- _EXERCISE GOAL_
Only text is carried over. Reproduce the entries below exactly.

=== INPUT MATERIAL ===

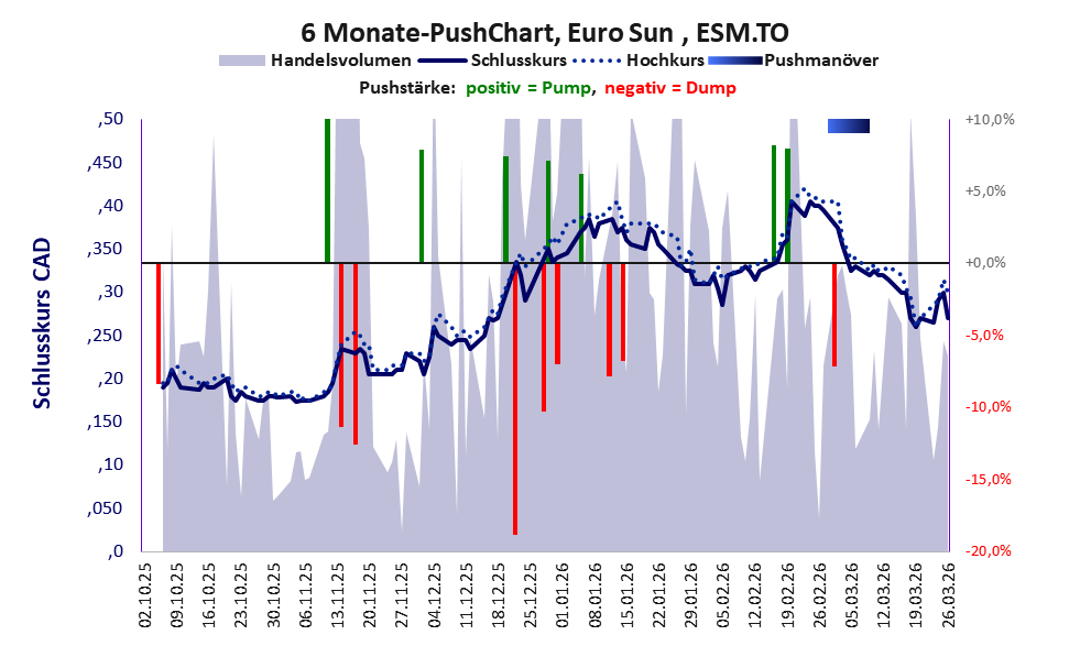 Bei dieser Aktie liegt das Refreshmodell vor. Das tägliche Handelsvolumen betrug an obiger Börse während der letzten drei Monate bis Berichtsdatum: 758.314 Stück, das sind 0,2% der ausgegebenen Aktien. In Aktien der Klasse V darf man grundsätzlich nicht investieren. Es gibt keinen ordentlichen Geschäftsbetrieb. Die Aktie hat nur den Zweck, mit Pushmanövern oder Algotrading an der Börse Kasse zu machen.
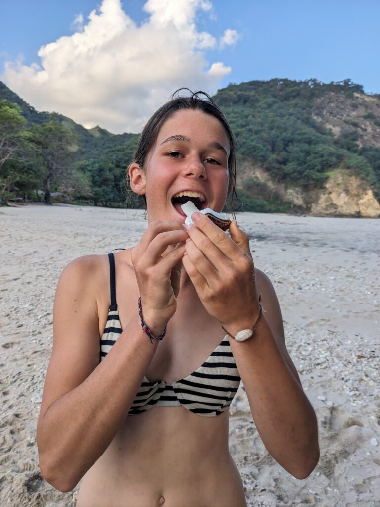 La baignade est bonne, ainsi que les noix de coco trouvées sur place !
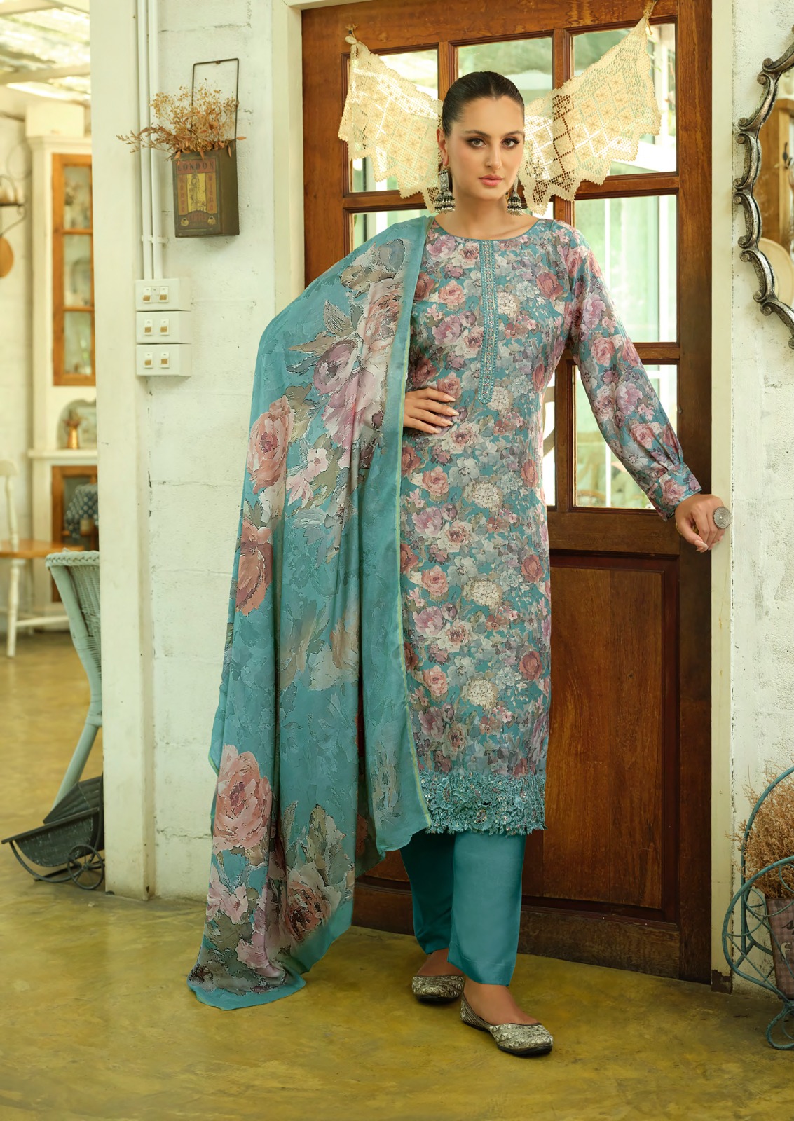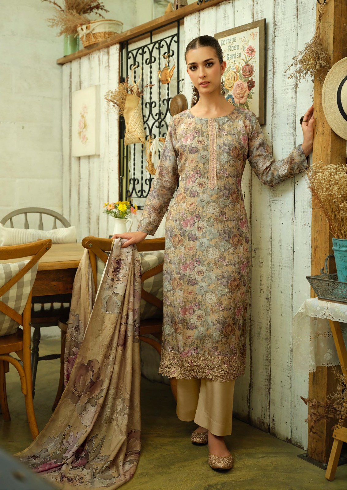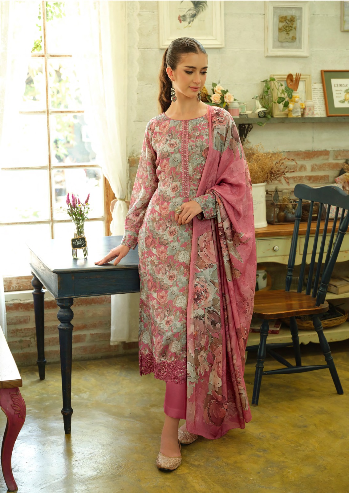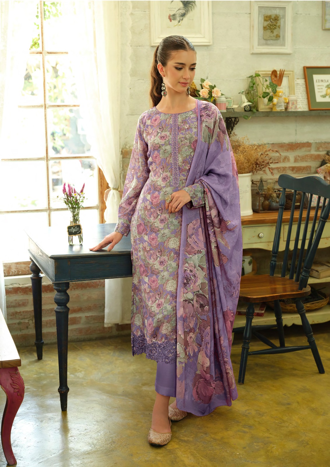 _🔺TOP - FINE FEATHER LIGHT LUSTRE LAWN COTTON DIGITAL PRINTS WITH HIGH STITCH EMBROIDERY_
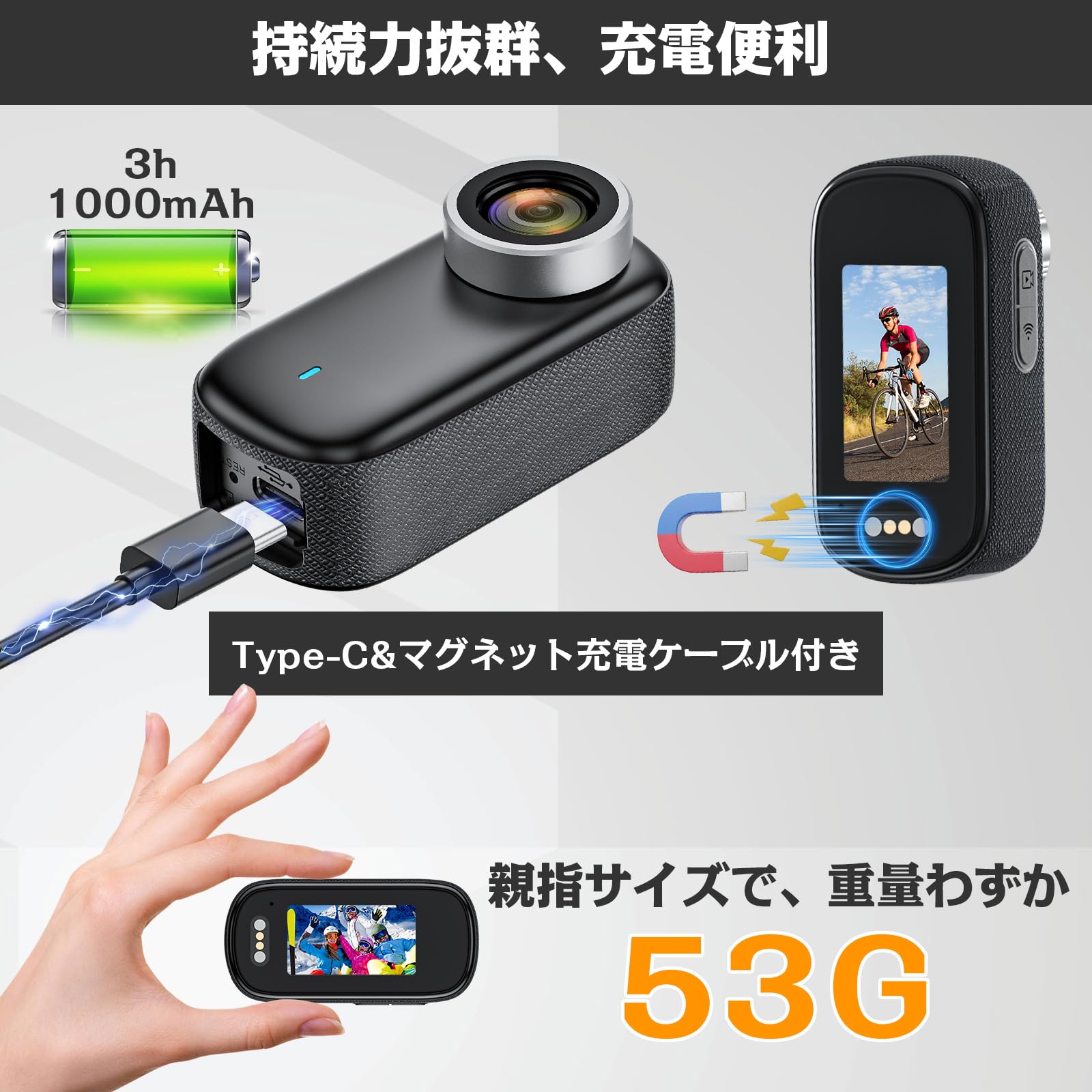* 【3時間連続録画&充電便利】内蔵1000mAのバッテリー、満充電で約180分連続稼働可能です。充電しながら録画もできて、電量不足の心配ありません。Type-C急速充電をサポートし、マグネット充電ケーブルも付属され、充電と映像の転送が高速化されます。
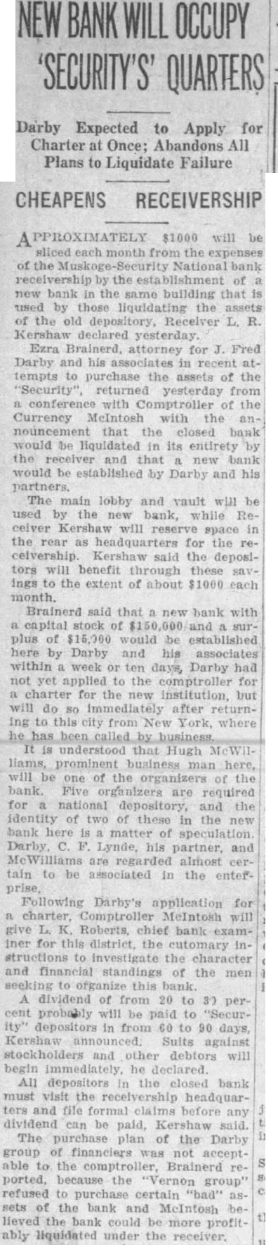 A PPROXIMATELY $1000 will be sliced each month from the expenses of the Muskoge-Security National bank receivership by the establishment of new bank in the same building that is used by those liquidating the assets of the old depository, Receiver L. R. Kershaw declared yesterday. Ezra Brainerd, attorney for J. Fred Darby and his associates in recent attempts to purchase the assets of the "Security" returned yesterday from a conference with Comptroller of the Currency MeIntosh with the announcement that the closed bank would be liquidated in its entirety by the and that new bank would be established by Darby and his partners. The main lobby and vault will be used by the new bank, while Receiver Kershaw will reserve space in the rear as headquarters for the receivership. Kershaw said the depositors will benefit through these savings to the extent of about $1000 each month. Brainerd said that a new bank with a capital stock of $150,000 and surplus of $15,000 would be established here by Darby and his associates within a week or ten days, Darby had not yet applied to the comptroller for a charter for the new institution, but will do so immediately after returning to this city from New York, where he has business. It is understood that Hugh MeWilHams, prominent business man here, will be one of the organizers of the bank. Five organizers are required for a national depository, and the identity of two of these in the new bank here is a matter of speculation Darby C. F. Lynde, his partner, and McWilliams are regarded almost certain to be associated in the enterFollowing Darby's application for a charter, Comptroller MeIntosh will give L. K. Roberts, chief bank examiner for this district, the cutomary instructions to investigate the character and financial standings of the men seeking to organize this bank A dividend of from 20 to 30 percent probably will be paid to "Security" depositors in from 60 to 90 days, Kershaw announced. Suits against stockholders and other debtors will begin immediately, he declared. All depositors in the closed bank must visit the receivership headquarters and file formal claims before any dividend can be paid, Kershaw said. The purchase plan of the Darby group of financiers was not acceptable to the comptroller, Brainerd reported, because the "Vernon group" refused to purchase certain "bad" assets of the bank and McIntosh believed the bank could be more profit ably liquidated under the receiver.

===

- _FINISHED EXERCISE_
 Bei dieser Aktie liegt das Refreshmodell vor. Das tägliche Handelsvolumen betrug an obiger Börse während der letzten drei Monate bis Berichtsdatum: 758.314 Stück, das sind 0,2% der ausgegebenen Aktien. In Aktien der Klasse V darf man grundsätzlich nicht investieren. Es gibt keinen ordentlichen Geschäftsbetrieb. Die Aktie hat nur den Zweck, mit Pushmanövern oder Algotrading an der Börse Kasse zu machen.
 La baignade est bonne, ainsi que les noix de coco trouvées sur place !
 _🔺TOP - FINE FEATHER LIGHT LUSTRE LAWN COTTON DIGITAL PRINTS WITH HIGH STITCH EMBROIDERY_
* 【3時間連続録画&充電便利】内蔵1000mAのバッテリー、満充電で約180分連続稼働可能です。充電しながら録画もできて、電量不足の心配ありません。Type-C急速充電をサポートし、マグネット充電ケーブルも付属され、充電と映像の転送が高速化されます。
 A PPROXIMATELY $1000 will be sliced each month from the expenses of the Muskoge-Security National bank receivership by the establishment of new bank in the same building that is used by those liquidating the assets of the old depository, Receiver L. R. Kershaw declared yesterday. Ezra Brainerd, attorney for J. Fred Darby and his associates in recent attempts to purchase the assets of the "Security" returned yesterday from a conference with Comptroller of the Currency MeIntosh with the announcement that the closed bank would be liquidated in its entirety by the and that new bank would be established by Darby and his partners. The main lobby and vault will be used by the new bank, while Receiver Kershaw will reserve space in the rear as headquarters for the receivership. Kershaw said the depositors will benefit through these savings to the extent of about $1000 each month. Brainerd said that a new bank with a capital stock of $150,000 and surplus of $15,000 would be established here by Darby and his associates within a week or ten days, Darby had not yet applied to the comptroller for a charter for the new institution, but will do so immediately after returning to this city from New York, where he has business. It is understood that Hugh MeWilHams, prominent business man here, will be one of the organizers of the bank. Five organizers are required for a national depository, and the identity of two of these in the new bank here is a matter of speculation Darby C. F. Lynde, his partner, and McWilliams are regarded almost certain to be associated in the enterFollowing Darby's application for a charter, Comptroller MeIntosh will give L. K. Roberts, chief bank examiner for this district, the cutomary instructions to investigate the character and financial standings of the men seeking to organize this bank A dividend of from 20 to 30 percent probably will be paid to "Security" depositors in from 60 to 90 days, Kershaw announced. Suits against stockholders and other debtors will begin immediately, he declared. All depositors in the closed bank must visit the receivership headquarters and file formal claims before any dividend can be paid, Kershaw said. The purchase plan of the Darby group of financiers was not acceptable to the comptroller, Brainerd reported, because the "Vernon group" refused to purchase certain "bad" assets of the bank and McIntosh believed the bank could be more profit ably liquidated under the receiver.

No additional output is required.